- WORK REQUIRED -
Given the records below, the lines starting at the line with "第四十六届澳门格兰披士赛车场" and ending at the line with "类似的法案已经在众议院通过,现在我们需要" should be output exactly, both end lines kept and pictures left out.

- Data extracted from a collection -
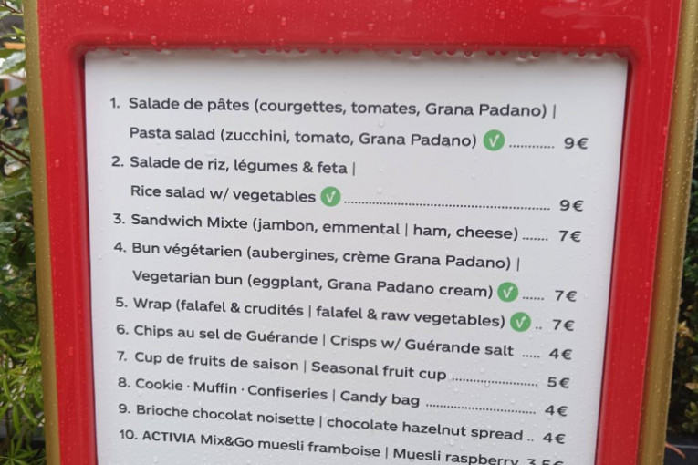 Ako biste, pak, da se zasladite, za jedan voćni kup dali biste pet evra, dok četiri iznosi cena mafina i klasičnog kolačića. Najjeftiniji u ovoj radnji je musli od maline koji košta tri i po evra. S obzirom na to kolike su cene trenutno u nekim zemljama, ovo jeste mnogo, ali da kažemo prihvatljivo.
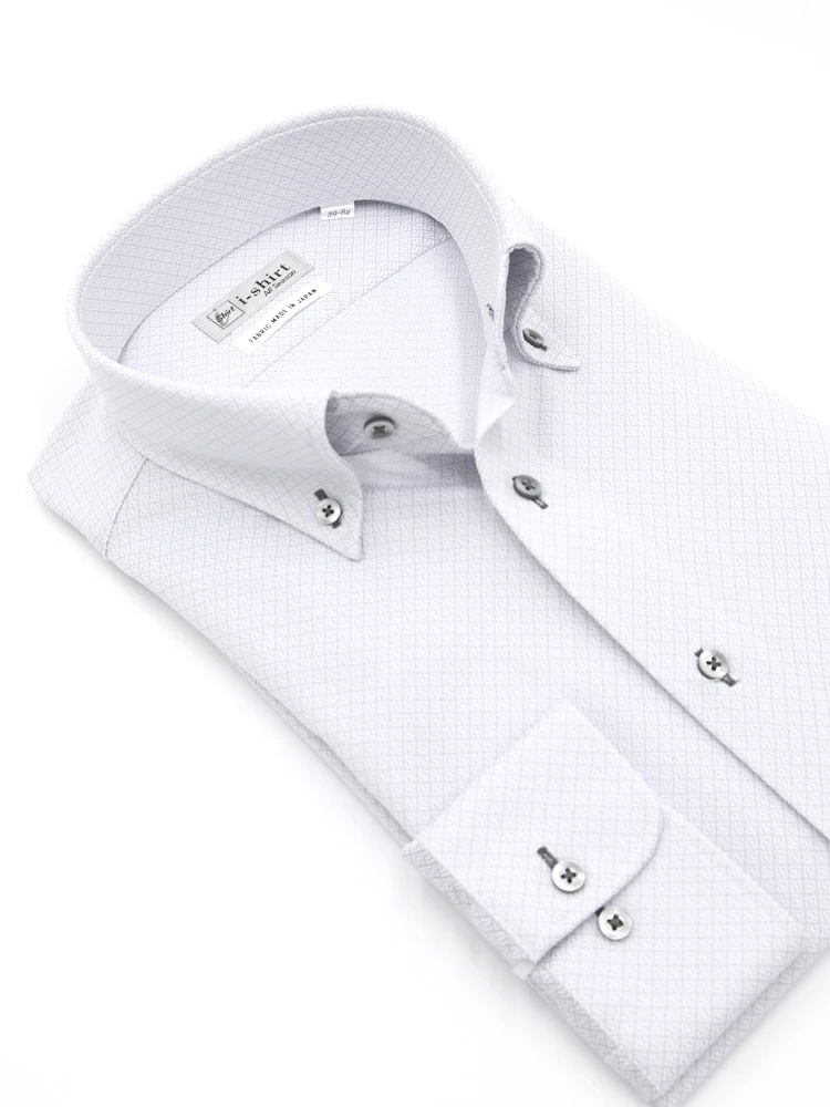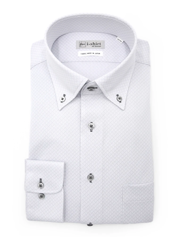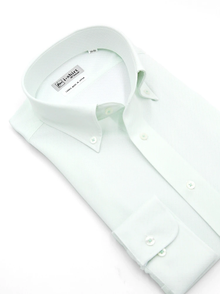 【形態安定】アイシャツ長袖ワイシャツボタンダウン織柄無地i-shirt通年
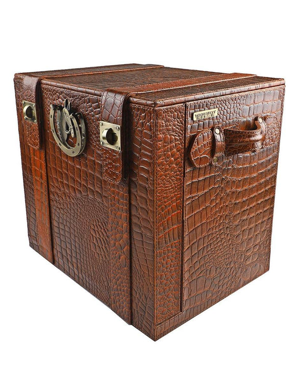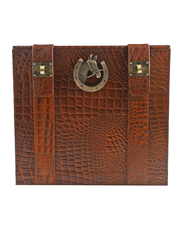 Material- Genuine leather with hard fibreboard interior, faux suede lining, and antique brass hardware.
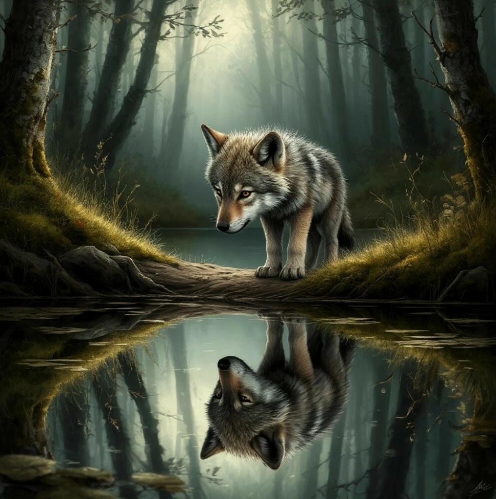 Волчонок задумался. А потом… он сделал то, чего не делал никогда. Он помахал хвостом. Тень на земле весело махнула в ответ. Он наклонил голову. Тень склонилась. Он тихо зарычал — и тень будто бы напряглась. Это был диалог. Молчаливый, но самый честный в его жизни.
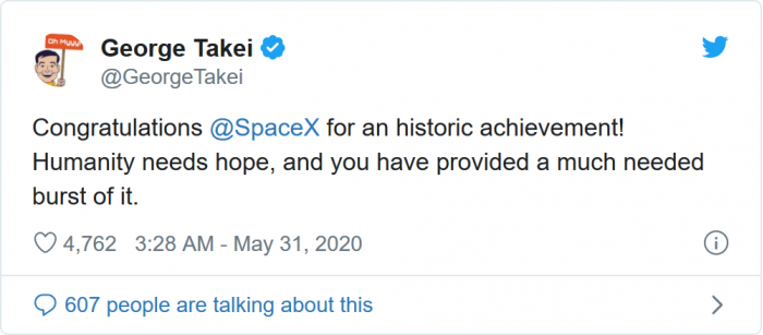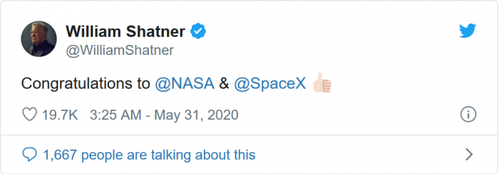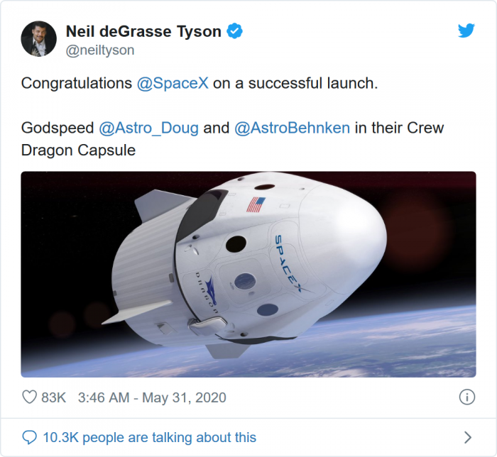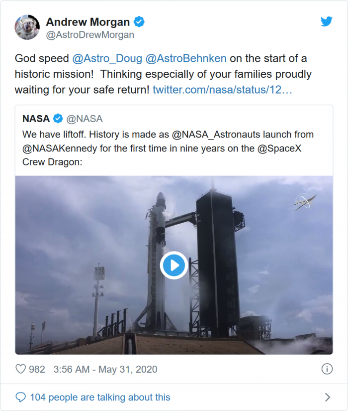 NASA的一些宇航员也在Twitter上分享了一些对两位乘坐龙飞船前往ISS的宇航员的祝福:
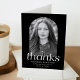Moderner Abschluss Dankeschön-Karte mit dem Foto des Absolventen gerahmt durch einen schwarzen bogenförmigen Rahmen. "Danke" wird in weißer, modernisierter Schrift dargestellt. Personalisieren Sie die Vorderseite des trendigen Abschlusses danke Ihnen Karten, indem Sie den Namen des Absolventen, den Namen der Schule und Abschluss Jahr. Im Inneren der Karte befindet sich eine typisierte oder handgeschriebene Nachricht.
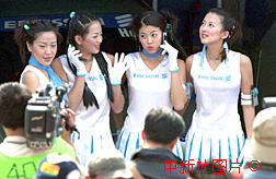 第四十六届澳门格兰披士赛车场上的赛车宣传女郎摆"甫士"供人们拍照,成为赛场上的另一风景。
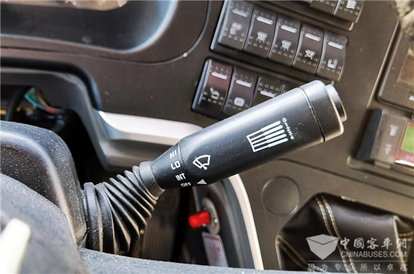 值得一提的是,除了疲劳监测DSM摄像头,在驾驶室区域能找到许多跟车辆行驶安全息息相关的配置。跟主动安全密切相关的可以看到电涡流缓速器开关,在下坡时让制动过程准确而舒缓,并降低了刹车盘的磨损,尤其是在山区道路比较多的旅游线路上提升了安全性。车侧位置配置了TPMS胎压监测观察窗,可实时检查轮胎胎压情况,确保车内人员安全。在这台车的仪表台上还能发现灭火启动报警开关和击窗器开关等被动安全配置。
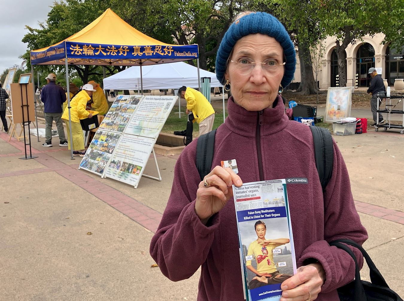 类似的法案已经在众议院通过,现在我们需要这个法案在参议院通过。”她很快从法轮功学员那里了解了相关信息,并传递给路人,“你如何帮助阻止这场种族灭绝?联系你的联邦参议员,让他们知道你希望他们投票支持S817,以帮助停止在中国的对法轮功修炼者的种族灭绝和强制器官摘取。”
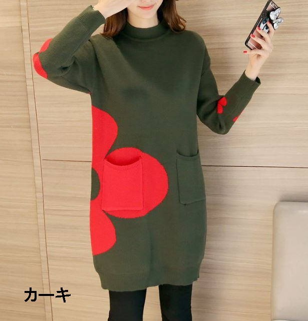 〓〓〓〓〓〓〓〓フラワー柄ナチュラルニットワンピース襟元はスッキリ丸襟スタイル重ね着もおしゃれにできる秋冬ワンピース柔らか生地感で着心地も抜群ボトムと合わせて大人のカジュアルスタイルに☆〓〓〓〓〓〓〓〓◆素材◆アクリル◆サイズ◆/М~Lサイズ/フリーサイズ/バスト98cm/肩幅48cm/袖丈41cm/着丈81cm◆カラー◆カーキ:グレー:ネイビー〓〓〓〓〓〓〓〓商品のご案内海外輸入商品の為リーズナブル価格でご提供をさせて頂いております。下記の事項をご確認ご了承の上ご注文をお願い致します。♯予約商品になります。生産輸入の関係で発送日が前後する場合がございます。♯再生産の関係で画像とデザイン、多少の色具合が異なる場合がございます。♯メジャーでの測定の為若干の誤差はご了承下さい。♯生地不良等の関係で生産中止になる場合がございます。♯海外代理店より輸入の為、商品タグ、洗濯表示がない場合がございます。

---

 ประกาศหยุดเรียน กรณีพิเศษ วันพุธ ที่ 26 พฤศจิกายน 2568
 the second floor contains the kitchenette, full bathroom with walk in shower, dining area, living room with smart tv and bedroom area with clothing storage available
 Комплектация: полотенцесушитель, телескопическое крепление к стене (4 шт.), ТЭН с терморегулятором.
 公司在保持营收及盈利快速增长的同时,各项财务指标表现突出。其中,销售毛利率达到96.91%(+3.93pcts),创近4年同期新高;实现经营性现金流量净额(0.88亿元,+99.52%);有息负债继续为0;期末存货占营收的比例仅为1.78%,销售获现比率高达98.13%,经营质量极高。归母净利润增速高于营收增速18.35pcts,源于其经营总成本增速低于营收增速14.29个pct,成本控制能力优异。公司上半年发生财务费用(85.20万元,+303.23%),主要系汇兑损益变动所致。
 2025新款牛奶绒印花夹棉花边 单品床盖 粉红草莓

- EXERCISE SOLUTION -
 第四十六届澳门格兰披士赛车场上的赛车宣传女郎摆"甫士"供人们拍照,成为赛场上的另一风景。
 值得一提的是,除了疲劳监测DSM摄像头,在驾驶室区域能找到许多跟车辆行驶安全息息相关的配置。跟主动安全密切相关的可以看到电涡流缓速器开关,在下坡时让制动过程准确而舒缓,并降低了刹车盘的磨损,尤其是在山区道路比较多的旅游线路上提升了安全性。车侧位置配置了TPMS胎压监测观察窗,可实时检查轮胎胎压情况,确保车内人员安全。在这台车的仪表台上还能发现灭火启动报警开关和击窗器开关等被动安全配置。
 类似的法案已经在众议院通过,现在我们需要这个法案在参议院通过。”她很快从法轮功学员那里了解了相关信息,并传递给路人,“你如何帮助阻止这场种族灭绝?联系你的联邦参议员,让他们知道你希望他们投票支持S817,以帮助停止在中国的对法轮功修炼者的种族灭绝和强制器官摘取。”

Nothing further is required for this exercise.